Physician Assistants in Canada: A 'New Breed' With An Old Name
The Kingston Whig Standard newspaper touts Canadian physician assistants as "a new breed of health professional."
Two long-term care facilities, one in the downtown, the other in Kingston's west end, have gone from rags to riches in the last few months, thanks to some exciting "out of the box" thinking by the medical profession, university educators and the health ministry.
Doctors specializing in family medicine at Queen's University are spending four-month rotations at Providence Manor, where they give one-on-one care to residents under the supervision of the manor's on-site physician. At Trillium Centre on Edgar Street, two "physician assistants," a new breed of health professional being introduced in Ontario, are spending five days a week attending to the medical needs of residents. The PAs are also supervised by the centre's physicians.
One question: didn't anyone tell PA pioneers in Canada, Australia and other countries experimenting with the PA concept not to use the word assistant? Even many staunch opponents of a name change for the PA profession in the United States concede that assistant is an innacurate and misleading word and was an unfortunate early choice for the profession's name.

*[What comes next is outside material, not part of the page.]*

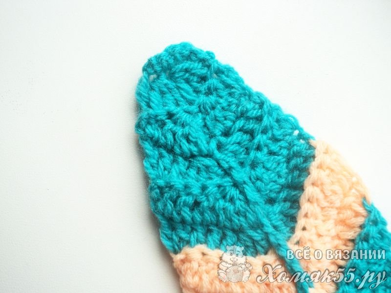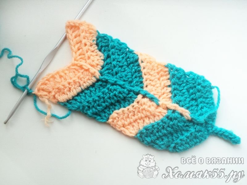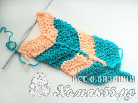 Затем выполним еще 1 ряд персиковой пряжей и сменим нить. Выполним 3 ряда голубой нитью и снова сменим нить и провяжем 2 ряда.

The word assistant results in encourages assumptions such as this:
Nurse practitioners are a close cousin of physician assistants but have more independence. They can hang out their own shingle if they want to, though most work in teams. By comparison, everything a physician assistant does must be approved by a doctor.
Of course mere assistants must have physicians looking over their shoulders approving everything they do.
Why are the new breeds of PAs making the same old mistake?